What Kamala Harris means for AI regulation
The vice-president has acknowledged the existential risks of AI and called for legislation to tackle those risks
After a dramatic weekend, it now looks like Kamala Harris may be the Democratic nominee for president. For advocates of AI regulation, that’s probably a good thing.
As vice-president, Harris has been extremely vocal about the need for the government to tackle the potential risks from artificial intelligence.

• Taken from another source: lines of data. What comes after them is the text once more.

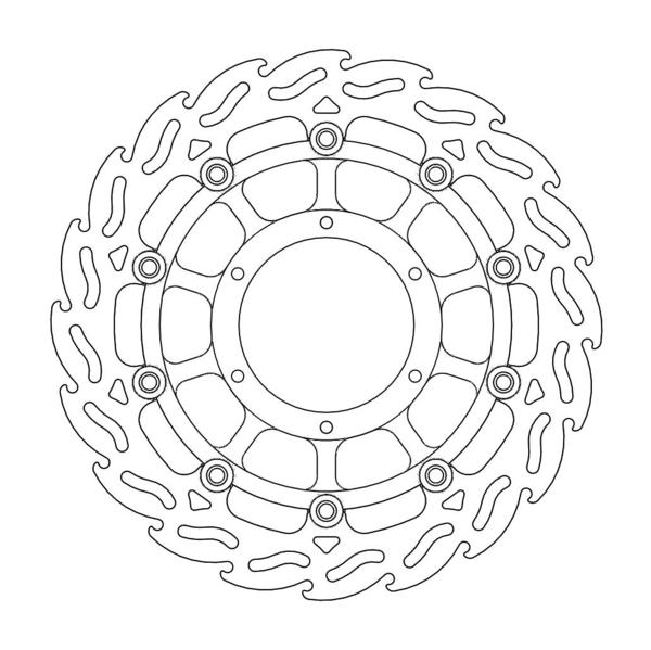 Disco da 320/300 specifico per le Motard da gara e' realizzato con mat eriali di qualita' superiore e garantisce le massime prestazioni. Questo disco flottante da 320 mm con rotore interno in acciaio anodizzato nero o argento e' progettato per e ssere utilizzato con la pinza Supermoto Racing. Lo spessore del disco e' stato portato a 5mm per contrastare i fenomeni di deformazioni dovuti al calore. Non compatibile con la pinza freno originale. E' stato sviluppato anche un disco da 320mm per la versione stradale che monta con pinza e pompa originale
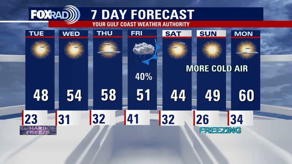 Morning temperatures were solidly below freezing, with wind chills in the teens. A few lingering icy patches remain a concern, especially across northern and western counties, but they are not a widespread problem. While sunshine should help most areas climb above freezing later today, the cold remains a threat to people, pets plants and pipes tonight as lows will plunge to the 20s again. Extreme Cold Warning remains in place for Houston and all of Southeast Texas with wind chills that could once again dip as low as 10 - 15° tonight.
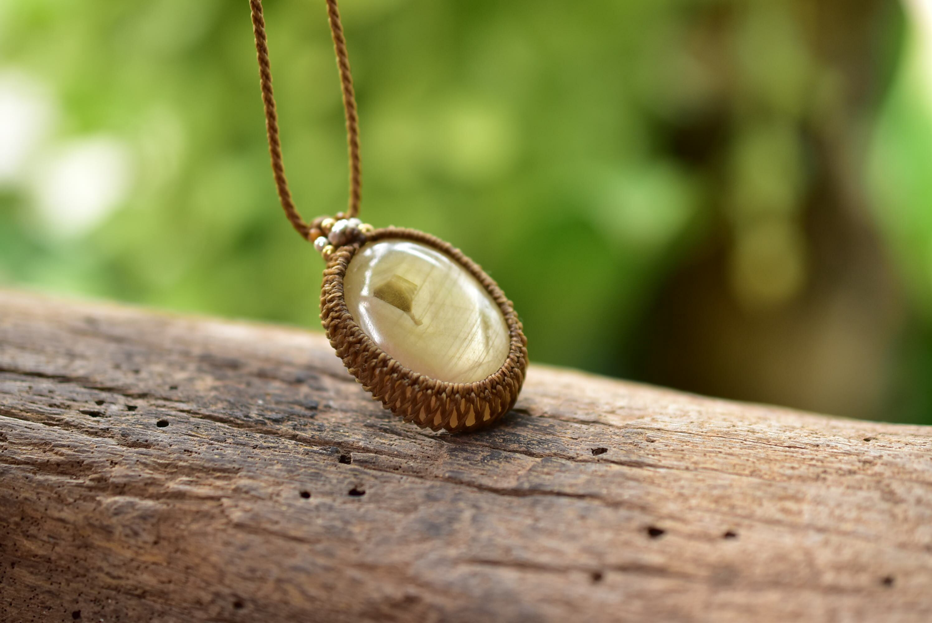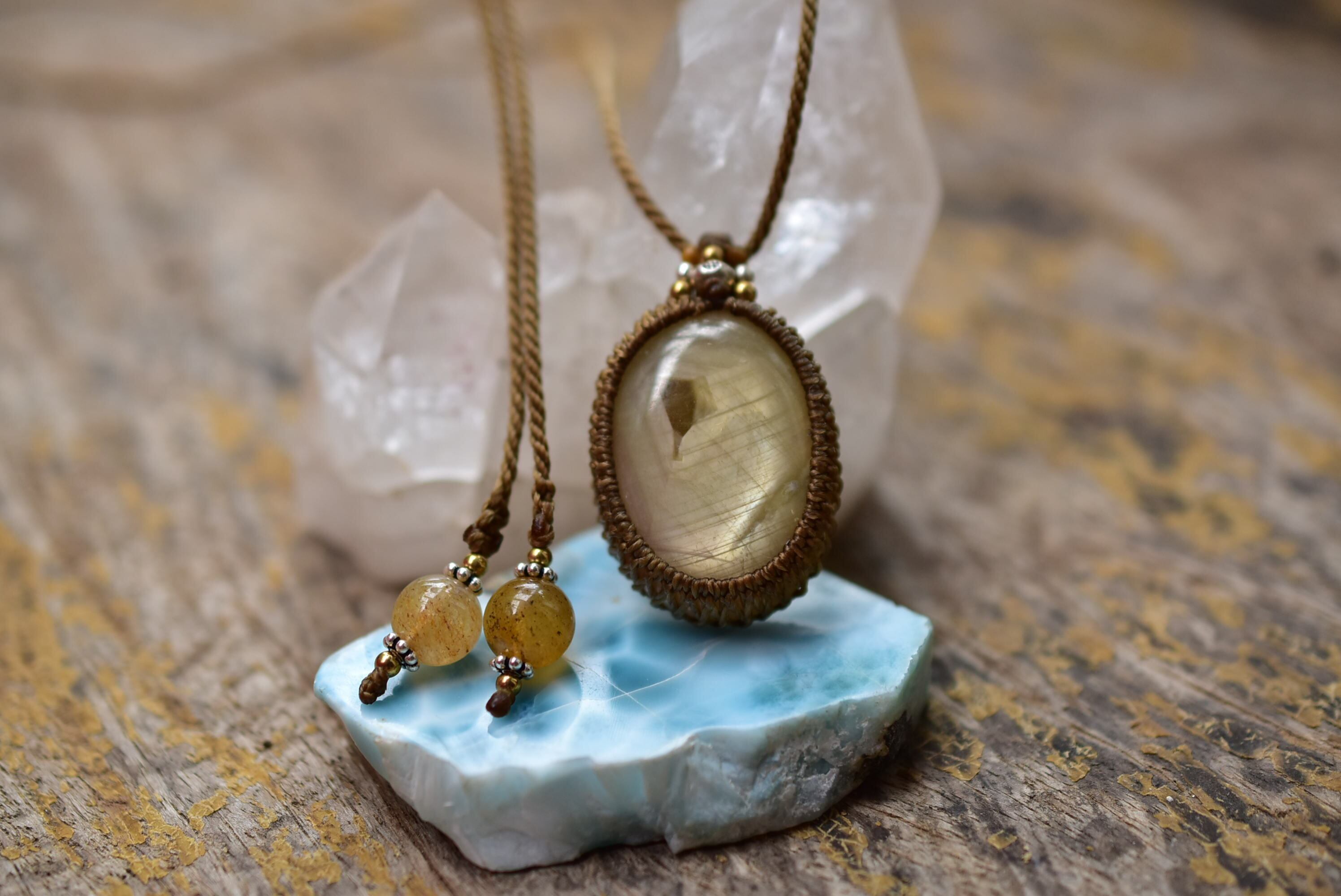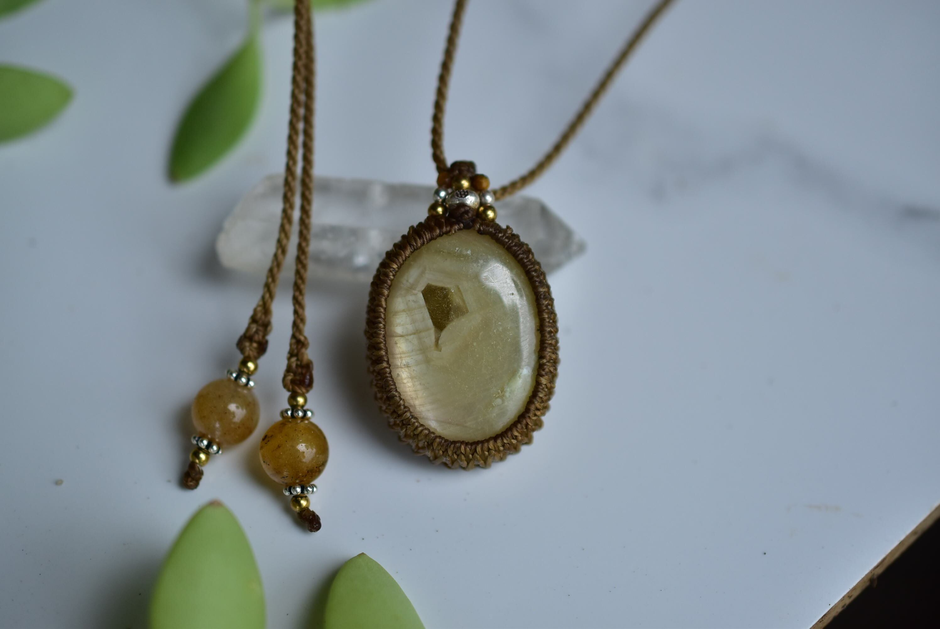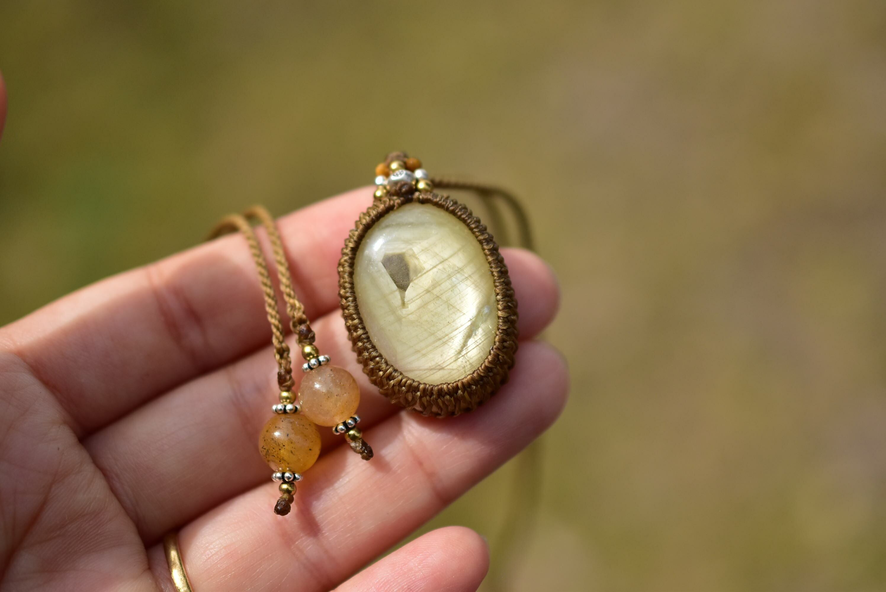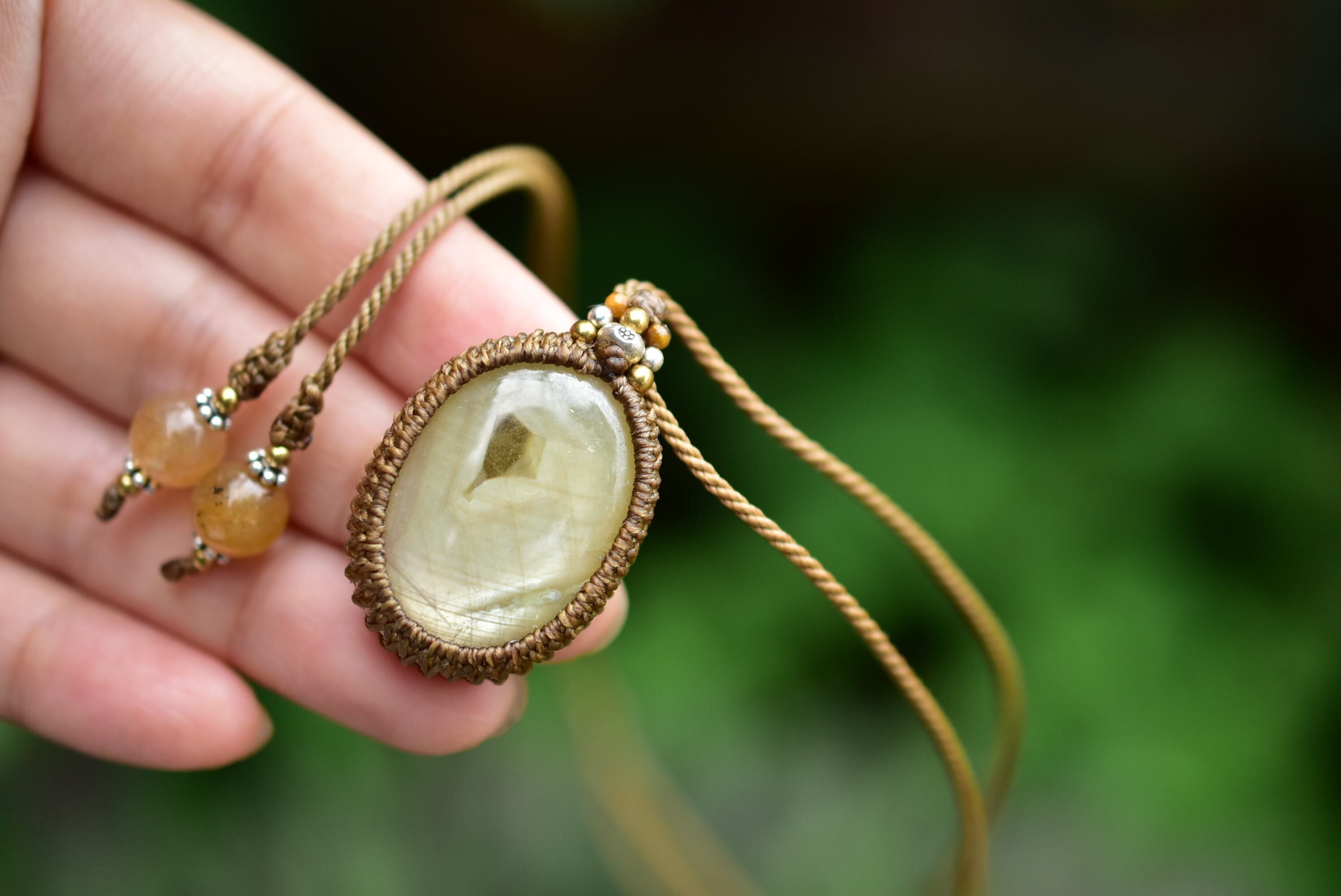 シルクの光と成長線★イエローサファイア マクラメペンダント31

And she takes those risks seriously: in a November 2023 speech, she acknowledged that AI might “endanger the very existence of humanity”, citing “AI-formulated bioweapons” and “AI-enabled cyberattacks” as particular concerns.
In that speech, Harris said voluntary commitments on AI safety weren’t enough. “As history has shown, in the absence of regulation and strong government oversight, some technology companies choose to prioritise profit over the wellbeing of their customers, the safety of our communities, and the stability of our democracies,” she said, arguing that the US needs “legislation that strengthens AI safety without stifling innovation”.
In a statement this May, she also told the CEOs of AI companies that they have an “ethical, moral, and legal responsibility to ensure the safety and security of their products”.
Along with tackling potential catastrophic risks, Harris has also shown an interest in broadening the definition of “AI safety” to include tackling AI’s present-day harms. “To define AI safety,” she said, “we must consider and address the full spectrum of AI risk — threats to humanity as a whole, as well as threats to individuals, communities, to our institutions, and to our most vulnerable populations.”
She has also repeatedly rejected the idea that protecting the public from AI means stifling innovation, describing that as a “false choice”.
Despite her tough-on-tech positions, though, Harris has close ties to the industry: perhaps unsurprising, given her previous jobs as district attorney of San Francisco, attorney general of California, and senator for California. Sheryl Sandberg, Jony Ive and Marc Benioff have donated to previous Harris campaigns, and Harris was spotted at Sean Parker’s wedding. Laurene Powell Jobs, meanwhile, once hosted a fundraiser for Harris.
Furthermore, Harris’s brother-in-law is Uber’s chief legal officer, while former Harris campaign chief Rebecca Prozan is now a Google lobbyist (where she is director of “West Region Government Affairs and Public Policy”).
Those ties do not seem to have affected Harris’s approach to AI regulation, however. And that approach is popular with voters: a large majority of both Democrats and Republicans want the US to take a “careful controlled approach” to AI.